Temari éclata de rire, les garçons eux restaient dubitatif. Ils ne saisissaient pas vraiment les propos d'Haruhi.

—C'est débile comme nom Pouki, brailla la blonde qui frappait son époux parce qu'il embrassait ses jambes. Tu vas arrêtez oui !

—Pas sur que j'y arrive, lui murmura Shikamaru.

—N'empêche elle est belle, insista Kankuro qui regardait d'un œil hagard le couple.

—Si vous voulez plus d'intimité il y a la voiture pour ça, informa la petite amie de Gaara.

—Je suis partant !, confirma Shikamaru en se levant.

—Mais ça ne va pas, répliqua Temari en lui tenant la main.

—Je t'en prie Shikamaru évite de nous faire part de tes envies, lui conseilla Kankuro.

—J'y peux rien je suis un homme c'est normal, avait-il dit d'une traite.

— N'empêche, il s'agit également de notre sœur, rappela Gaara un peu gêné.

—Mon amour ?, appela Shikamaru d'un air idiot.

—Oui mon cœur, répondit la blonde avec douceur.

—Ça te tente ?, proposa Shikamaru.

—Je vous en prie, supplia Kankuro qui n'osait pas les regarder.

—Ah oui beaucoup, avoua la blonde en se levant.

—C'est pas vrai !, s'exclama Kankuro d'un air choqué, ils vont pas le faire pour de vrai dans la voiture ?

Au bout de quelques mètres le couple ria aux éclats.

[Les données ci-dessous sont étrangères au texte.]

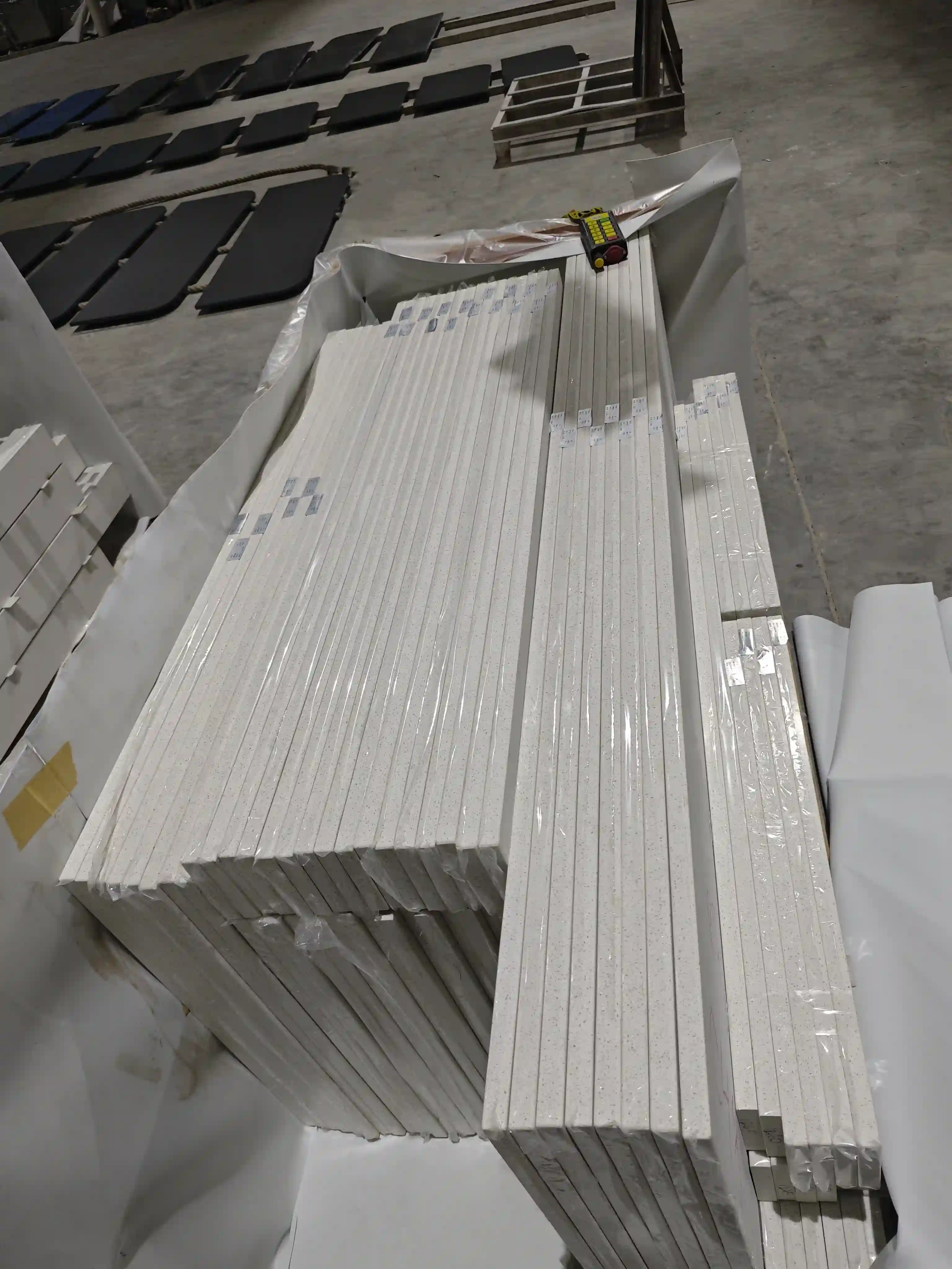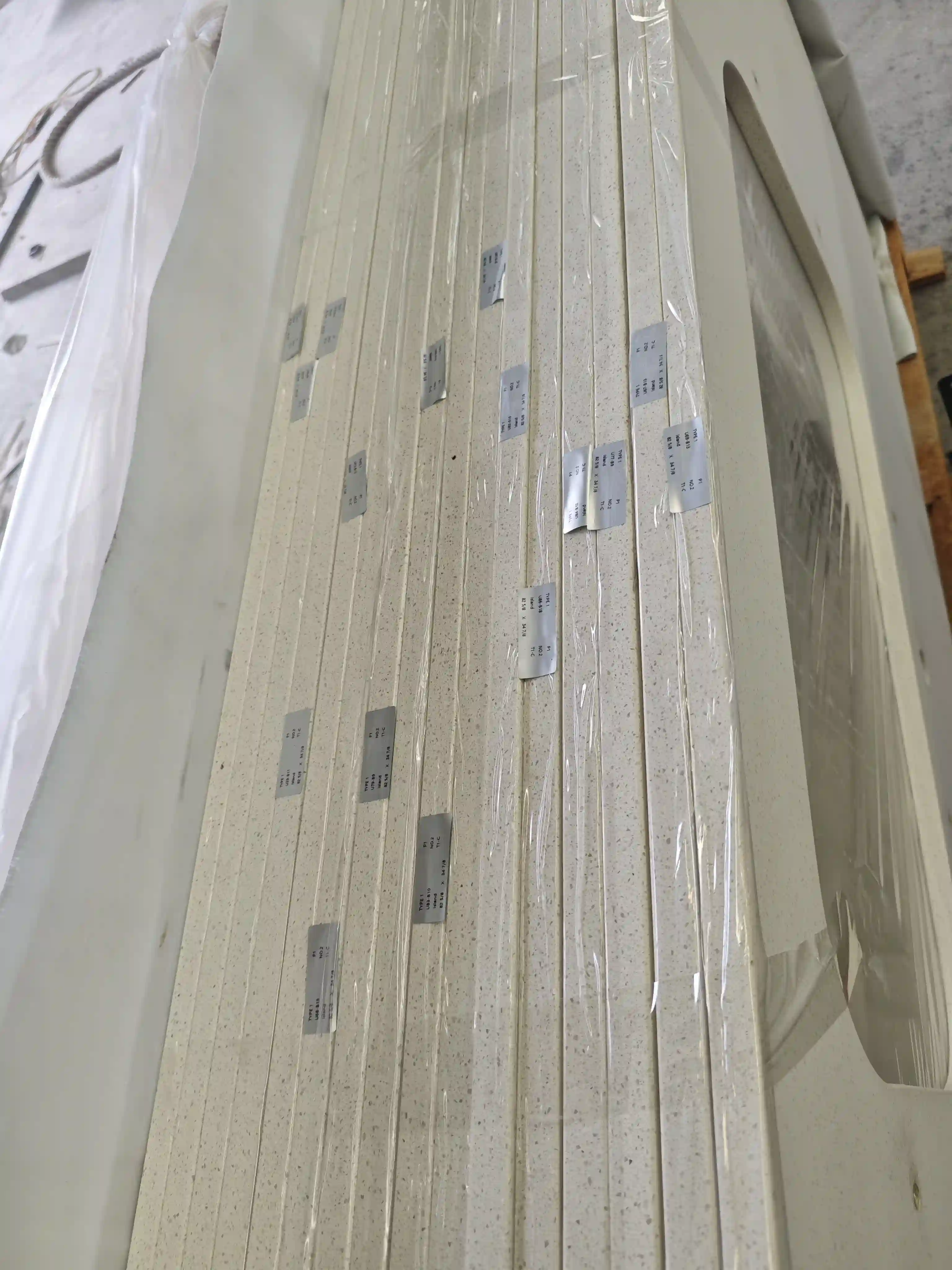 A professional packaging solution is used. It combines waterproof/damp-proof film with reinforced wooden pallets. Protective PE foam strips are placed between countertops. This prevents bumps and scratches during transport. Each pallet has a clear label showing specifications, order number, and batch number. The packaging meets international ocean shipping standards for moisture and impact protection. It ensures the US client receives the goods with zero damage.

Ils s'arrêtèrent et s'effondrèrent sur le sable. Tout en riant Shikamaru leur informa qu'il le fera sur la plage que c'était beaucoup plus romantique que dans une voiture.

—Ils se sont foutus de vous les gars, dit alors Haruhi un sourire aux lèvres.

—J'avais remarqué, lui dit Kankuro vexé qu'on le prenne pour un idiot.

—M'appelles plus mon cœur c'est flippant, demanda Shikamaru à Temari alors qu'ils rejoignaient les autres.

—M'appelles plus mon amour…c'est flippant également.

N'empêche que le Nara avait réellement des envies, voir sa femme en maillot de bain ne l'aidait pas à rester impassible et à faire comme si de rien n'était. Puis Temari se pencha vers lui, une main posée sur sa cuisse pour lui murmurer quelque chose à l'oreille. Après quoi il était pressé de rentrer chez lui.

Shikatema

C'était le mois de juillet, mois où le soleil frappait fort et pouvait donner lieu à des vertiges, vertiges qui n'échappèrent nullement à Shikamaru qui lui n'espérait qu'une chose.

—Tu es enceinte ?, demanda-t-il une énième fois.

—Non je t'ai dit que c'était du à la chaleur, répéta encore Temari.

—C'est étonnant pour une personne qui vient de Suna, fit remarquer le brun, t'es enceinte mais tu ne veux pas me le dire.

—Mais espèce d'idiot si j'étais enceinte je te l'aurais dit tête de poireaux, rétorqua Temari agacée, et je te signal que je vis à Konoha depuis un moment face d'haricot.

—S'ajoute à cela les insultes et la mauvaise humeur, ria Shikamaru, en plus ça te rend intelligente tu fais des rimes.

—Va te faire voire vraiment, insista la blonde sur le dernier mot. Je comprends que tu veuilles des gosses mais je là je t'assure que je ne suis pas enceinte.

Shikamaru avait l'air de boudé, faussement boudé. Mais il avait vraiment cette envie d'avoir des enfants.

—Si tu veux se soir on mettra en route l'usine Nara, lui murmura-t-elle d'une voix envoutante.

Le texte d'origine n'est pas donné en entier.